Since v5.7, the manual symbol lookup is not guaranteed to work
because of control-flow integrity (or control-flow enforcement [9][10]) is added
[11] for x86, but it is disabled since v5.11 [12][13]. To make sure manual symbol
lookup work, it only uses up to v5.4.

Reference:
[1] 8dbec27a24
[2] https://outflux.net/blog/archives/2019/11/14/security-things-in-linux-v5-3/
[3] https://patchwork.kernel.org/project/linux-kbuild/patch/20200903203053.3411268-3-samitolvanen@google.com/
[4] https://stackoverflow.com/questions/58512430/how-to-write-to-protected-pages-in-the-linux-kernel
[5] https://lore.kernel.org/bpf/20201120231441.29911-21-ebiederm@xmission.com/
[6] https://lore.kernel.org/bpf/87blj83ysq.fsf@x220.int.ebiederm.org/
[7] 0bd476e6c6
[8] 8f27766a88
[9] https://lore.kernel.org/lkml/20200204171425.28073-1-yu-cheng.yu@intel.com/
[10] https://lore.kernel.org/linux-doc/20201110162211.9207-1-yu-cheng.yu@intel.com/T/
[11] 5790921bc1
[12] 20bf2b3787
[13] https://lore.kernel.org/bpf/20210128123842.c9e33949e62f504b84bfadf5@gmail.com/

examples/syscall.c

@@ -23,17 +23,44 @@
 #include <linux/sched.h>
 #include <linux/uaccess.h>
 
+
+/* The way we access "sys_call_table" varies as kernel internal changes.

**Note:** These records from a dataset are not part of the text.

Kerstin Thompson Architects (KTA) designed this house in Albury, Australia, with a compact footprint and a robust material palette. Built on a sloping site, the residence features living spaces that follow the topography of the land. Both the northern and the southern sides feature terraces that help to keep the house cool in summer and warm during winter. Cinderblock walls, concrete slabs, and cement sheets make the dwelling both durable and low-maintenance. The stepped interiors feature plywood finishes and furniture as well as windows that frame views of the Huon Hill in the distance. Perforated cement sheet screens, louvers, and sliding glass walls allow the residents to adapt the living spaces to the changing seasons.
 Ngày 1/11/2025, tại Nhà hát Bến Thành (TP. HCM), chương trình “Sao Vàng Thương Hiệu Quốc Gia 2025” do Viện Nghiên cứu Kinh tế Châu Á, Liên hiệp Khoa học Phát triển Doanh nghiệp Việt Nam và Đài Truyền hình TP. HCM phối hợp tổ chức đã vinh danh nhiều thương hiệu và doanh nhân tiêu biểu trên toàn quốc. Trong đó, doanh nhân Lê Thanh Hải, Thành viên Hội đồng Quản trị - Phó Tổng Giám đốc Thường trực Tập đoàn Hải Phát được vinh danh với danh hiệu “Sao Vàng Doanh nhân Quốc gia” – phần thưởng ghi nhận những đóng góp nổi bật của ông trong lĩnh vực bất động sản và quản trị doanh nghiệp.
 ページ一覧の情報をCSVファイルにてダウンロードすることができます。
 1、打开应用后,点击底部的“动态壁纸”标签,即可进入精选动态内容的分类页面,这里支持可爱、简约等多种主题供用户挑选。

+ * - ver <= 5.4 : manual symbol lookup
+ * - 5.4 < ver < 5.7 : kallsyms_lookup_name
+ * - 5.7 <= ver : Kprobes or specific kernel module parameter
+ */
+
 /* The in-kernel calls to the ksys_close() syscall were removed in Linux v5.11+.
  */
-#if (LINUX_VERSION_CODE < KERNEL_VERSION(5, 11, 0))
-#include <linux/syscalls.h> /* ksys_close() wrapper for backward compatibility */
-#define close_fd ksys_close
+#if (LINUX_VERSION_CODE < KERNEL_VERSION(5, 7, 0))
+
+#if LINUX_VERSION_CODE <= KERNEL_VERSION(5, 4, 0)

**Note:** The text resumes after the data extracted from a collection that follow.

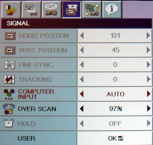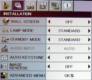 In der zweiten Kategorie können weitere Darstellungs- und Aufstellungsoptionen des Projektors genutzt werden. Eine automatische Trapez-Korrektur ermöglicht eine schräge (aber nicht empfohlene) Aufstellung des Projektors. Von weiterem Interesse sind in dieser Rubrik der Lampenmodus, die Bildausrichtung sowie ein Farbanpassung auf die Tapete, falls man keine neutralweiße Wand zur Verfügung hat. Die dritte Kategorie beinhaltet unter anderem weitere Signalanpassungsmöglichkeiten (z.B. Bildformat). Interessant ist die Funktion "Cinema Mode", der irreführend bezeichnet ist und tatsächlich den De-Interlacer beeinflusst.
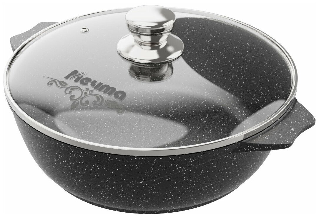 Кастрюля Мечта Гранит Black литая с антипригарным покрытием, со стеклянной крышкой, 6л, гранит black
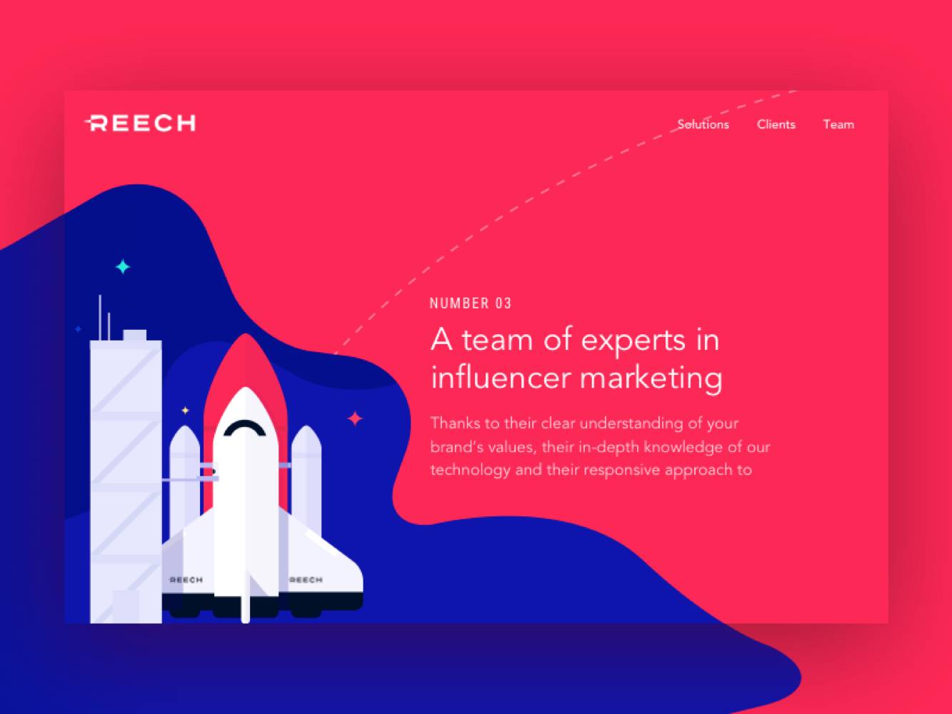 REECH在頁面設(shè)計(jì)時(shí)候運(yùn)用對角線作為深色,同時(shí)結(jié)合流動(dòng)的線條凸顯主營業(yè)務(wù)和速度感。

+#define HAVE_KSYS_CLOSE 1
+#include <linux/syscalls.h> /* For ksys_close() */
 #else
-#include <linux/fdtable.h> /* For close_fd */
+#include <linux/kallsyms.h> /* For kallsyms_lookup_name */
+#endif
+
+#else
+
+#if defined(CONFIG_KPROBES)
+#define HAVE_KPROBES 1
+#include <linux/kprobes.h>
+#else
+#define HAVE_PARAM 1
+#include <linux/kallsyms.h> /* For sprint_symbol */
+/* The address of the sys_call_table, which can be obtained with looking up
+ * "/boot/System.map" or "/proc/kallsyms". When the kernel version is v5.7+,
+ * without CONFIG_KPROBES, you can input the parameter or the module will look
+ * up all the memory.
+ */
+static unsigned long sym = 0;
+module_param(sym, ulong, 0644);
+#endif
+
 #endif
 
 unsigned long **sys_call_table;
-unsigned long original_cr0;
 
 /* UID we want to spy on - will be filled from the command line. */
 static int uid;
@@ -83,19 +110,81 @@ asmlinkage int our_sys_open(const char *filename, int flags, int mode)
 
 static unsigned long **aquire_sys_call_table(void)
 {
+#ifdef HAVE_KSYS_CLOSE
     unsigned long int offset = PAGE_OFFSET;
     unsigned long **sct;
 
     while (offset < ULLONG_MAX) {
         sct = (unsigned long **) offset;
 
-        if (sct[__NR_close] == (unsigned long *) close_fd)
+        if (sct[__NR_close] == (unsigned long *) ksys_close)
             return sct;
 
         offset += sizeof(void *);
     }
 
     return NULL;
+#endif
+
+#ifdef HAVE_PARAM
+    const char sct_name[15] = "sys_call_table";
+    char symbol[40] = {0};
+
+    if (sym == 0) {
+        pr_alert(
+            "For Linux v5.7+, Kprobes is the preferable way to get "
+            "symbol.\n");
+        pr_info(
+            "If Kprobes is absent, you have to specify the address of "
+            "sys_call_table symbol\n");
+        pr_info(
+            "by /boot/System.map or /proc/kallsyms, which contains all the "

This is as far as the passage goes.